Jack Loo | July 9, 2012
Software defined networks (SDNs) promise to automate network management.

Service providers in the region face the challenge of utilising their network bandwidth more efficiently, but one solution could be software defined networks (SDNs).

These organisations find that bandwidth utilisation on their networks can fluctuate wildly. "In some locations, you see just 20 percent, but in other areas, you have 120 percent," said Amol Mitra, vice president and general manager, HP Networking, HP Asia Pacific and Japan.

Mitra was identifying the verticals that are most actively adopting SDNs in their network infrastructures. He was speaking at the enterprise technology showcase and conference Interop in Tokyo on 15 June, where HP Networking presented a case study on its customer Dreamworks Studio.

The allocation of bandwidth resources had to be manually configured, and the standard response would be to keep buying bandwidth, said Mitra. Providers like NTT in Japan and SingTel in Singapore are actively looking at how they can efficiently utilise network bandwidth as well as storage and processing space.

SDNs enable a single point of control for network configuration and application provisioning. The SDN virtualises the network by separating the control plane from the physical infrastructure and templates that profile the application. It performs automated orchestration that optimises the network to enforce service-level policies and enable dynamic provisioning. This means that administrators can focus less on managing infrastructure and more on connecting users to applications.

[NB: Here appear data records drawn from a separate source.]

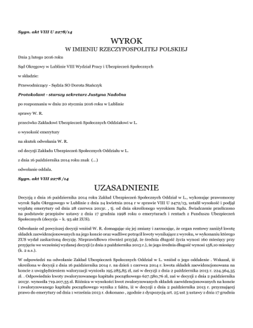 Sygn. akt VIII U 2278/14 WYROK W IMIENIU RZECZYPOSPOLITEJ POLSKIEJ Dnia 3 lutego 2016 roku Sąd Okręgowy w Lublinie VIII Wydział Pracy i Ubezpieczeń Społecznych w składzie: Przewodniczący - Sędzia SO Dorota Stańczyk Protokolant - starszy sekretarz Justyna Nadolna po rozpoznaniu w dniu 20 stycznia 2016 roku w Lublinie sprawy W. R. przeciwko Zakładowi Ubezpieczeń Społecznych Oddziałowi w L. o wysokość emerytury na skutek odwołania W. R. od decyzji Zakładu Ubezpieczeń Społecznych Oddziału w L. z dnia 16 października 2014 roku znak (...) odwołanie oddala. Sygn. akt VIII 2278 /14 UZASADNIENIE Decyzją z dnia 16 października 2014 roku Zakład Ubezpieczeń Społecznych Oddział w L., wykonując prawomocny wyrok Sądu Okręgowego w Lublinie z dnia 24 kwietnia 2014 r w sprawie VIII U 2472/13, ustalił wysokość i podjął wypłatę emerytury od dnia 28 czerwca 2013r. , tj. od dnia określonego wyrokiem Sądu. Świadczenie przeliczono na podstawie przepisów ustawy z dnia 17 grudnia 1998 roku o emeryturach i rentach z Funduszu Ubezpieczeń Społecznych (decyzja – k. 93 akt ZUS). Odwołanie od powyższej decyzji wniósł W. R. domagając się jej zmiany i zarzucając, że organ rentowy zaniżył kwotę składek zaewidencjonowanych na jego koncie oraz wadliwe potrącił kwoty wynikające z wyroku, w wykonaniu którego ZUS wydał zaskarżoną decyzję. Nieprawidłowo również przyjął, że średnia długość życia wynosi 160 miesięcy przy przyjęciu we wcześniej wydanej decyzji (z dnia 2 października 2013 r.), że jego średnia długość wynosi 158,10 miesięcy (k. 2 a.s.). W odpowiedzi na odwołanie Zakład Ubezpieczeń Społecznych Oddział w L. wniósł o jego oddalenie . Wskazał, iż określona w decyzji z dnia 16 października 2014 r. na dzień 1 czerwca 2014 r. kwota składek zaewidencjonowana na koncie z uwzględnieniem waloryzacji wyniosła 195.285,85 zł, zaś w decyzji z dnia 2 października 2013 r. 224.364,35 zł. . Odpowiednio kwoty zwaloryzowanego kapitału początkowego 627.580,76 zł, zaś w decyzji z dnia 2 października 2013r. wynosiła 719.207,55 zł. Różnica w wysokości kwot zwaloryzowanych składek zaewidencjonowanych na koncie i zwaloryzowanego kapitału początkowego wynika z faktu, iż w decyzji z dnia 2 października 2013 r. przyznającej prawo do emerytury od dnia 1 września 2013 r. dokonano , zgodnie z dyspozycją art. 25 ust 3 ustawy z dnia 17 grudnia 1998 roku o emeryturach i rentach z Funduszu Ubezpieczeń Społecznych, waloryzacji kwartalnej za II kwartał 2013 r, natomiast ustalając emeryturę zaskarżoną decyzją zastosowano jako ostatnią waloryzację roczną z 2013 r., która miała niższy współczynnik niż waloryzacja kwartalna. Średnie trwanie życia w wymiarze 160 miesięcy wynika z przyjęcia współczynnika świadczenia obowiązującego na dzień podjęcia wypłaty świadczenia w dniu 28 czerwca 2013 r. W decyzji z dnia 2 października 2013 r. zastosowano inny współczynnik, obowiązujący w dacie 1 września 2013 r. (k. 3-4 a.s.). Sąd Okręgowy ustalił i zważył, co następuje: J. R. urodził się w dniu (...), w dniu 13 czerwca 2013r. złożył wniosek o emeryturę. Decyzją z dnia 28 czerwca 2013 r. organ rentowy przyznał uprawnionemu świadczenie emerytalne od dnia 1 czerwca 2013r. Wypłata emerytury podlegała zawieszeniu, z uwagi nie rozwiązanie stosunku pracy i kontynuowanie przez wnioskodawcę zatrudnienia (k. 42 a.e.). We wniosku o świadczenie J. R. zaznaczył, że rozwiązanie stosunku pracy nastąpi z dniem 27 czerwca 2013r. Świadectwo pracy potwierdzające rozwiązanie stosunku pracy złożył dopiero w dniu 13 września 2013r. (k. 47-48 a.e.). Decyzją z dnia 2 października 2013r. organ rentowy podjął wypłatę świadczenia od dnia 1 września 2013r (k.50 a.s.). Po rozpoznaniu odwołania ubezpieczonego od powyższej decyzji Sąd Okręgowy w wyroku z dnia 24 kwietnia 2014 r. wydanym w sprawie VIII U 2472/13 ustalił, iż ubezpieczony nabył prawo do wypłaty emerytury od dnia 28 czerwca 2013r., tj. od dnia następnego po rozwiązaniu stosunku pracy. W dniu 10 września 2014 r. apelację ZUS od tego wyroku Sąd Apelacyjny w Lublinie oddalił (k. 85-87, 88-91 a.e. ). Zaskarżoną w niniejszym postępowaniu decyzją z dnia 16 października 2014 roku Zakład Ubezpieczeń Społecznych Oddział w L., wykonując prawomocny wyrok Sądu Okręgowego w Lublinie z dnia 24 kwietnia 2014 r. ustalił wysokość i podjął wypłatę emerytury od dnia 28 czerwca 2013r. , tj. od dnia określonego w prawomocnym wyroku Sądu Okręgowego. Podstawę obliczenia świadczenia stanowiła kwota składek na ubezpieczenie emerytalne oraz kapitału początkowego z uwzględnieniem waloryzacji składek i kapitału początkowego zewidencjonowanych na koncie do końca miesiąca poprzedzającego miesiąc, od którego przysługuje wypłata emerytury. Emerytura stanowi równowartość kwoty będącej wynikiem podzielenia podstawy obliczenia emerytury przez dalsze średnie trwanie życia ustalone na dzień podjęcia wypłaty emerytury tj. 28 czerwca 2013 r. Kwota składek zaewidencjonowanych na koncie z uwzględnieniem waloryzacji wyniosła 195285,85 zł., kwota zwaloryzowanego kapitału początkowego wyniosła 627580,76 zł , średnie dalsze trwanie życia 160 miesięcy. Wyliczone w ten sposób świadczenie wyniosło 5142,92 złotych brutto miesięcznie (k.93-94 a.s.). Z uwagi na stanowisko wnioskodawcy, który kwestionował prawidłowość obliczenia emerytury, zgodnie z jego wnioskiem postanowieniem z dnia 29 maja 2015r. Sądu zlecił biegłemu z zakresu rachunkowości, finansów i operacji gospodarczych Z. K. zapoznanie się z aktami sprawy oraz z zastrzeżeniami złożonymi przez wnioskodawcę w odwołaniu i w protokole rozprawy sądowej oraz zbadanie prawidłowości i sposobu wyliczenia wysokości emerytury w decyzji z dnia 16 października 2014 r. (postanowienie k. 12 a.s). W opinii wydanej dnia 4 lipca 2015 r. biegły podnió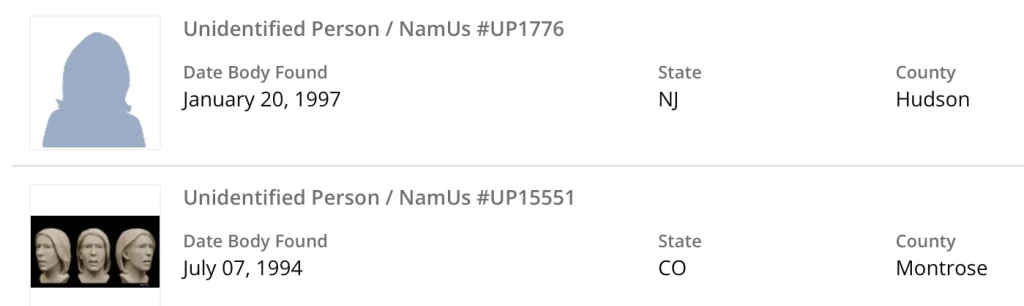 Caring1 Well-Known Member Websleuths Guardian 4 Year Joined Dec 11, 2021 Messages 6,645 Reaction score 16,786 Apr 2, 2025 #27 5 Unidentified Person Exclusions
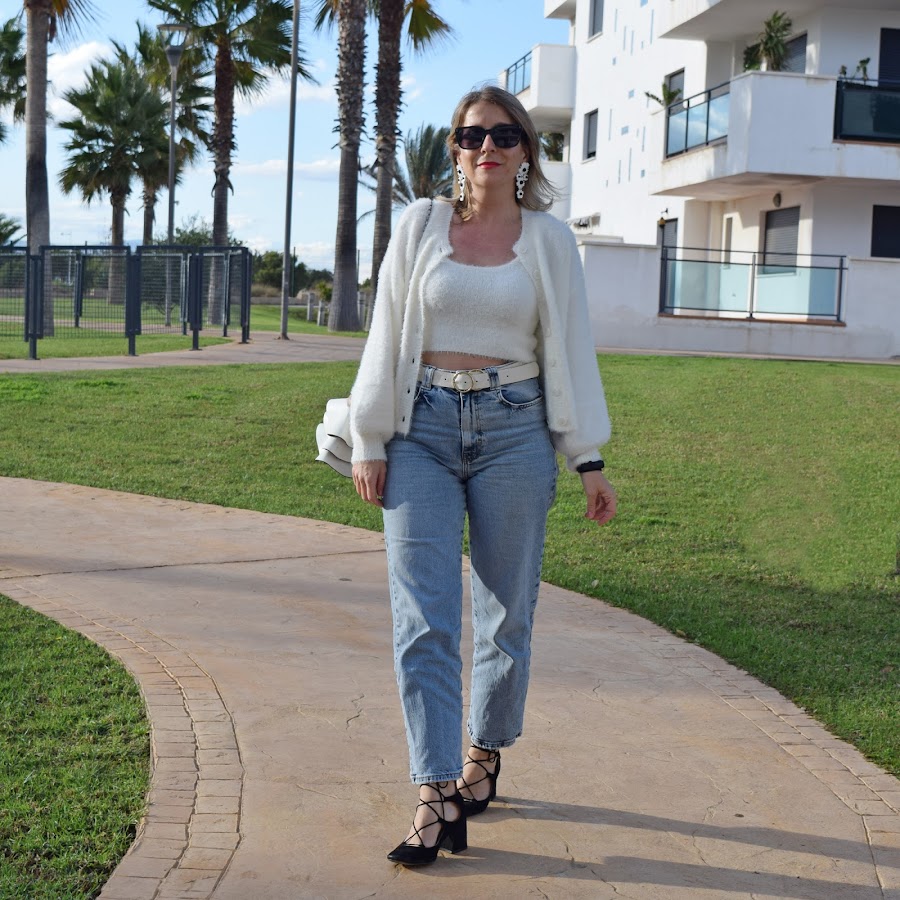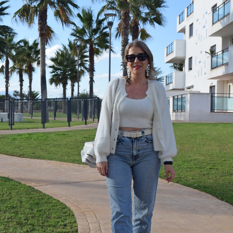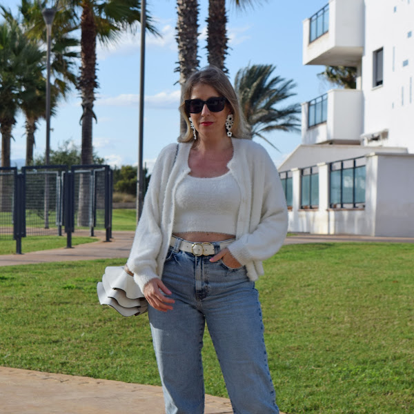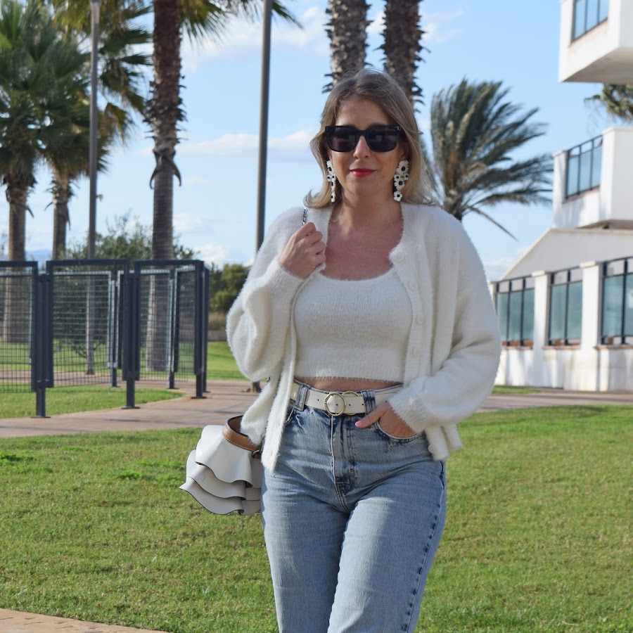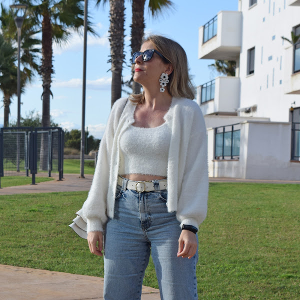 Me gusta mucho el largo de la chaqueta, en contraste con el top más cortito, perfecto para llevar con un pantalón de tiro alto y esconder todo lo que no nos gusta...

Another vertical that will experience strong SDN adoption is the manufacturing industry. Manufacturers tend to have multiple locations in remote areas and deploying network resources can be a tricky affair. One answer is to use a SDN platform to centrally manage the widespread network, said Mitra.

Other industries include casinos and animation studios that have complex operations and need to ramp up their resources in a short time, added Mitra.